In this post, I would like to share the pure basics, which work well for me for many years now. You have heard many of them already, but I am sure you still do not “live” them, for one reason or another.

  1. Switch off media when you want to focus. Put your phone in the next room, switch off email and all messaging apps. You probably know these. But did you think also about calendar notifications, Dropbox und Google Drive updates, etc? All these disrupt your flow and any disruption, even just for a second, brings you off your real work. In general, I am very conservative which apps can send me notifications and I generally switch them all off. If I know that a meeting is upcoming and I am afraid to miss it because I am so deeply involved in my work, I set an alarm.
  2. Allow emails to “ripe”. You do not have to answer each and any email that comes and surely not immediately. It is better to wait for at least several hours. This also means that you do not have to check on emails constantly, you can do so during waiting times (e.g. when a meeting has finished earlier). I really hate emails – once you answer one, an avalanche of further emails come upon you.
  3. Observe yourself and identify the most productive times. For me, these are the mornings, between 9am and 12pm, approximately. Block these slots for your most important work. Do not waste them for meetings, emails, etc.
  4. Do not overbook your time. You want to work 8 hours per day? Then schedule at most 6. You need the remaining two for breaks, switching tasks, checking emails and   buying coffee in the cafeteria.
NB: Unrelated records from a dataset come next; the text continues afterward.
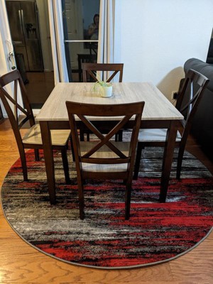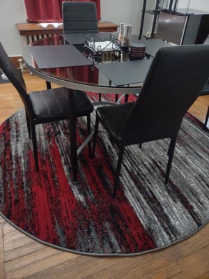 [This review was collected as part of a promotion.] This is a beautiful rug. The size is perfect and fits really well under a round dining table. It looks amazing with my glass table and the rest of my dining room decor which is all black, gray and red, so it matches perfectly. It is thick and feels very cushy under your feet. It vacuums really well and even spills are easy to clean up. I am very pleased with this rug.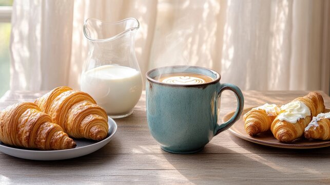 A steaming cup of artisanal coffee served in a handmade ceramic mug, placed on a wooden table with a small pitcher of cream and a plate of buttered croissants. The morning sunlight filters through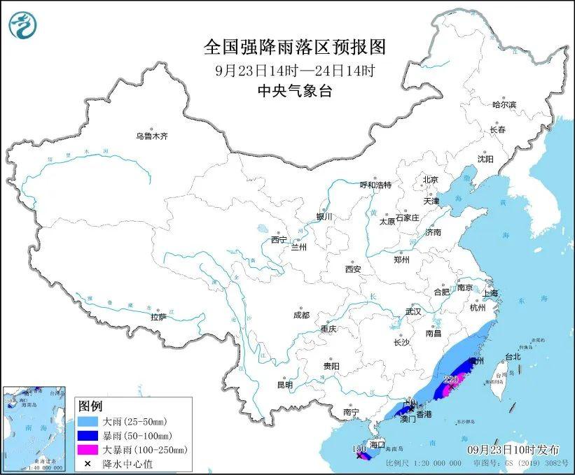 預(yù)計,9月23日14時至24日14時,浙江東南部、福建大部、廣東東部和南部、海南島等地部分地區(qū)有大到暴雨,其中,福建南部、廣東東部、海南島西南部等地部分地區(qū)有大暴雨(100~220毫米)。上述部分地區(qū)伴有短時強(qiáng)降水(最大小時降雨量20~40毫米,局地可超過50毫米)等強(qiáng)對流天氣。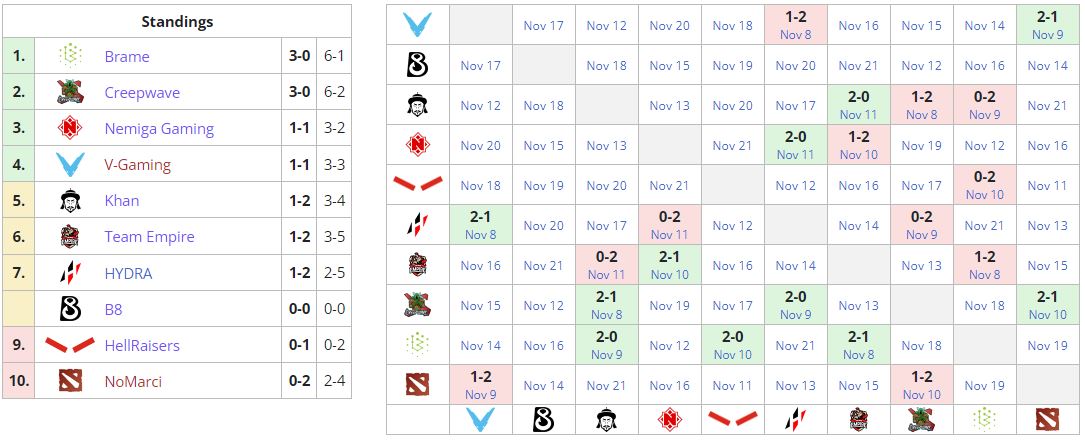 Уже 12 ноября Khan сыграет с V-Gaming в рамках очередного тура D2CL. Team Empire сразится с Creepwave 13 ноября.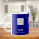A classic navy blue background. Personalize and add your business logo (3), a name and monogram initials (3).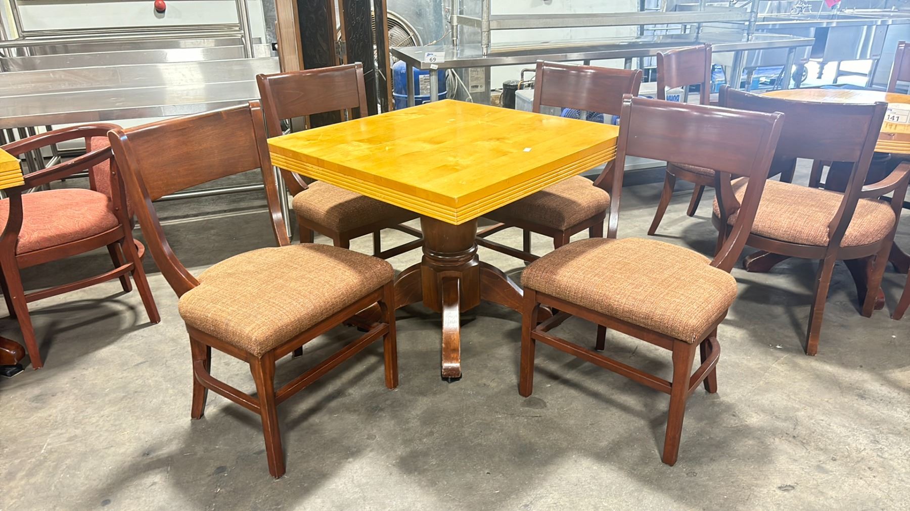 NATURAL WOOD TOP 36" SQUARE DARK WOOD SINGLE PEDESTAL COMMERCIAL CAFE TABLE WITH 4 DARK WOOD PADDED CAFE SIDE CHAIRS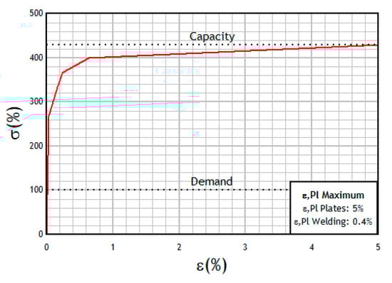 When contrasting the percentage load vs. deformation, if the first four models show practically identical results, then one of them can represent the performance of any of the other three models. This contrast could be observed in Figure 8 and Figure 9. Then, the first models’ results achieved the same value of 366.70% of the design load as the yield strength. Therefore, it is possible that there is a design load far below the plastic range for the main models studied. Likewise, when focusing on the ultimate capacity, which corresponds to a value of 428.40%, the result indicates that this is 4.28 times greater than the design load. For this reason, it is assumed that these EPC configurations could perfectly withstand higher load demands, still exceeding the linear range, until they reach reasonable ductility values without compromising the safety of the structure.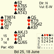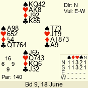 | Con | Dc | Res | Score | Ld | Pairs | Rd | Tbl | | 3 N | S | +1 | 430 | 6 | 07 - 02 | 6 | 7 |

  5. Make a (virtual) office hour. Each time somebody asks you for a meeting, it costs you 3-4 minutes to check your calendar and to answer to that person. Especially with students and admin stuff, it is really useful to have a fixed office hour. I switch on my Zoom personal meeting and can check emails and do some other small and quick tasks while I am waiting for people to come. I find this extremely useful and efficient – people know when they can surely find me and talk to me and I know that I usually manage to put some todos off my list. Plus, people tend to be more constructive in your office hour, since they assume others are waiting.
  6. Organise your todos. It is not enough to keep a list of todos, since these lists tend to grow very long. What works better for me is to organise into sub-lists, which I can grab one by one and work myself down. For example, I have a list for paper writing, a list for teaching and students, a list for admin stuff, etc. The items which have a deadline, get a deadline. I am not a fan of putting deadlines to items which do not have any. For some reason, I always end up not meeting those (because I know they are not real and I cannot fool myself), but I still feel bad about it. What is worse, however, I cannot visually and quickly differentiate between real and non-real deadlines and I end up messing it all up. Thus, only real deadlines are marked. I use Trello for this.
  7. Reserve time for important tasks. Some tasks, like meetings and email checking, have the incredible talent of eating all your time, if you allow them to do so. If I go to all meetings I have been invited to and I answer all emails immediately, I would end up with almost no time for real work (like papers, and research, and teaching, and supervision – they are not few!) Thus, I started reserving floating slots for time eaters. I would decide how much time I need to invest in them, e.g. 15 hours per week for meetings (wow, so much!). Then, once I schedule a meeting, one of these floating slots disappear from your calendar. Once they are all gone, it is over – first come, first serve. This has taught me also to say no to meetings which I think will not   serve my priorities, so that I have meeting slots available for more important stuff. This principle, together with step 3 works well for me to keep control over my time.

I hope these could be useful also for others! Happy time optimising!